Immutable Infrastructure Meets Mutable Science
Over the last few years, I’ve worked across multiple AI labs/teams and have noticed a repeated pattern of confusion between people that come from the modern cloud/distributed systems background, and the people who are coming from traditional HPC or university-based AI/ML research labs.
Mutability is a bug
People who are trained in recent years to do any kind of DevOps, Site Reliability, or otherwise operations and cloud infra focused work are all taught that mutability is the enemy. Reproducible, immutable infrastructure is the goal. Before Docker, and containers in general became as common as they are in the broader software industry, I believe this was first popularized by engineering tools and blogs from Netflix in 2015, tools like Hashicorp’s Packer for creating immutable AMIs that included application artifacts quickly became the norm. Netflix did not create these patterns, though I believe it’s fair to say that their advocacy was taken to be very serious.
Build as much context and environment into your deployment artifacts as possible, which made environments much more reproducible, and made things like managing multiple environment targets much easier to create.
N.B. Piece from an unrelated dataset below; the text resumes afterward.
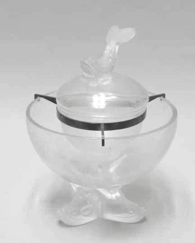 The caviar bowl with lid surmounted by a dolphin finial resting in a cooling dish raised on a tri-form dolphin form base, etched Lalique France.
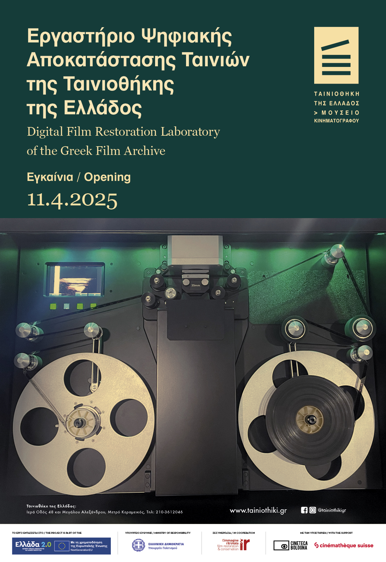 Η Ταινιοθήκη της Ελλάδος εγκαινίασε το νέο υπερσύγχρονο Εργαστήριο Ψηφιακής Αποκατάστασης Ταινιών στις εγκαταστάσεις της (Ιερά Οδός, 48, μετρό Κεραμεικός).

Promotion pipelines for deployments through different environment targets were much easier to administer.
Platforms as a service like Heroku also contributed, having their bundles and Procfiles, before supporting containers as the format for artifact definition. Websites like the 12factorapp became standard documentation and practice around the world. The rise of microservice architectures also increased how important it was to be able to sustainably manage all of your infrastructure and dozens if not hundreds of services.
Automation of administration became a requirement to scale both at a technical level but also at a personnel growth perspective. You had no choice.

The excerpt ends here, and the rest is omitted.